IN THE SPRING he puts in a flowerbed along the side of the house that faces the road, filling it at the householder’s request with poppies, peonies and yellow coneflowers, with a big angel’s trumpet in the middle. For the border, he just pokes a few box twigs into the earth all around the flowers, they’ll put down roots and grow. In summer he sets out sprinklers on both lawns, twice each day they will bow to one side and than the other for half an hour, once early in the morning and once at dusk, meanwhile he waters the flowerbed, roses and shrubs. He cuts off the withered blooms and prunes the box tree. In the fall he harvests walnuts for the first time, coaxing the nuts from their soft husks that stain his hands brown, in the fall he gathers the dry branches that have broken off from the oaks and also a few of the pine trees during storms, he saws them into pieces, chops them up for firewood and stacks the logs in the woodshed.

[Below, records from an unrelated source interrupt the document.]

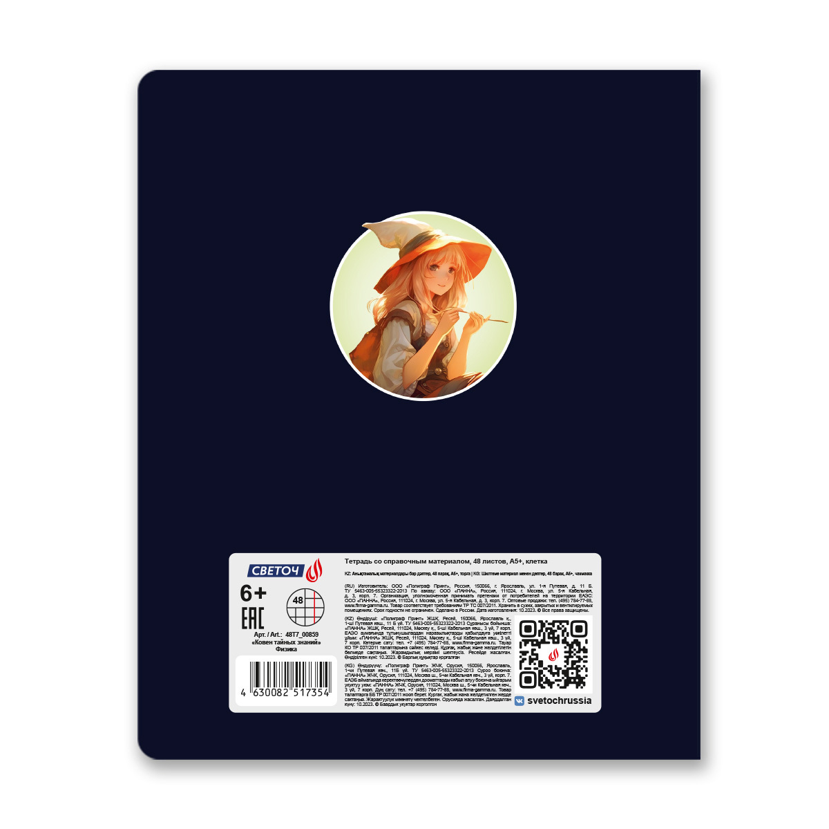 Тетрадь со справочным материалом Ковен тайных знаний, A5+ 48 л. на скобе 65 г/м², белизна 100%, 10 шт, клетка, 00859 Физика, Светоч 48Т7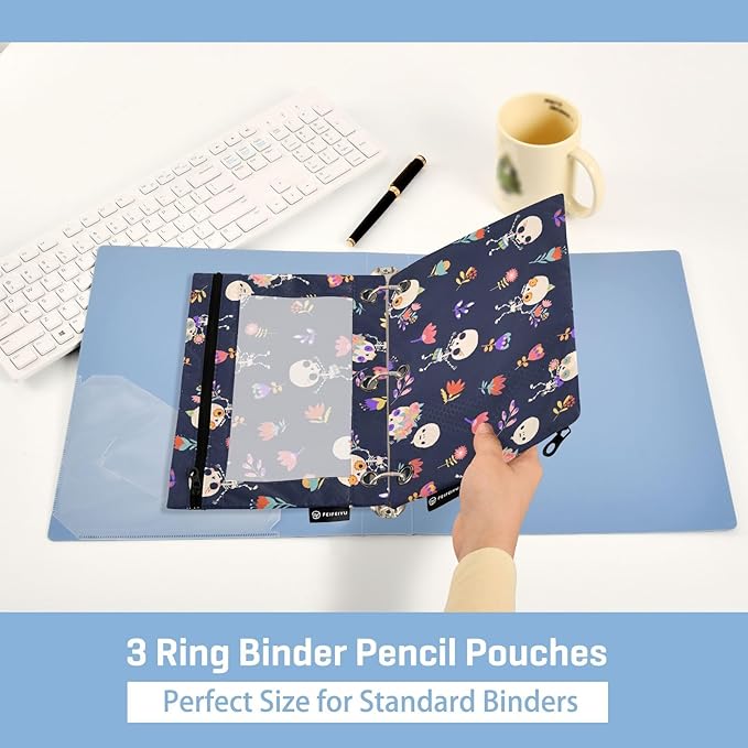 - 3 Ring Pencil Pouch: Zipper pouch with rivet enforced holes perfectly compatible with all standard 3 ring binders, widely used in college, school, office, home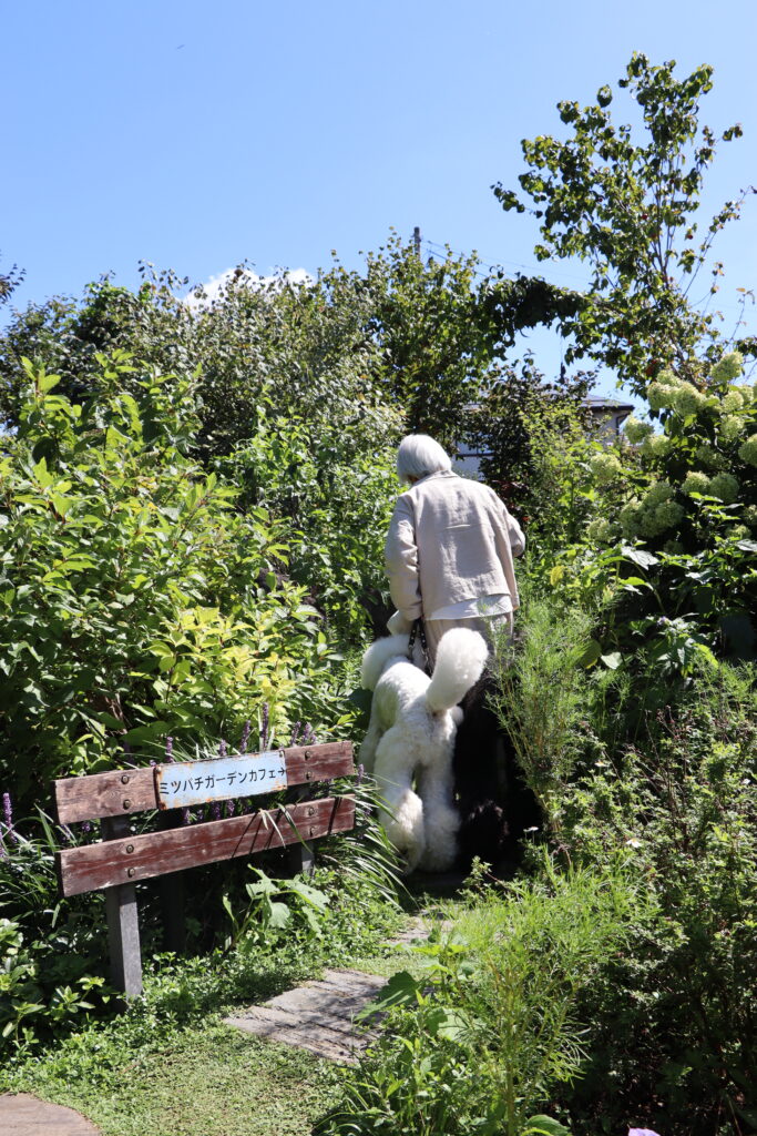 美味しいかき氷を食べた後改めて庭園を見学していると、「ミツバチガーデンカフェ」と書いてある看板を発見。矢印の先には小路があるのだがこれはいったい・・・(次回に続く)

By 1936, the potato beetle had already crossed the Rhine and was continuing on toward the East, in 1937 it reached the Elbe River, and now, in 1938, it is beleaguering the region around Berlin. With great patience the gardener plucks the beetles over and over from the leaves of the angel’s trumpet, which as the only representative of the nightshade family in the garden has been heavily affected by this plague. He crushes the eggs of these pests and even tries to seek out and destroy their pupae by digging up the earth all around the bush. This summer the sandy road is black with beetles for days on end. At the beginning of the infestation, the leaves of the bush with its splendid red blossoms merely have holes in them and display tattered edges, but by summer’s end all that remains of the bush is its skeleton, a few of the leaves’ ribs and the bare main shoots of the bush itself, the blossoms having long since fallen to the ground. On instructions from the householder, the gardener removes what is left of the angel’s trumpet and plants a cypress in its place as the new centerpiece for the flowerbed.

THE CLOTH MANUFACTURER

HERMINE AND ARTHUR, his parents.

He himself, Ludwig, the firstborn.

His sister Elisabeth, married to Ernst.

Their daughter Doris, his niece.

Then his wife Anna.

And now the children: Elliot and baby Elisabeth, named for his sister.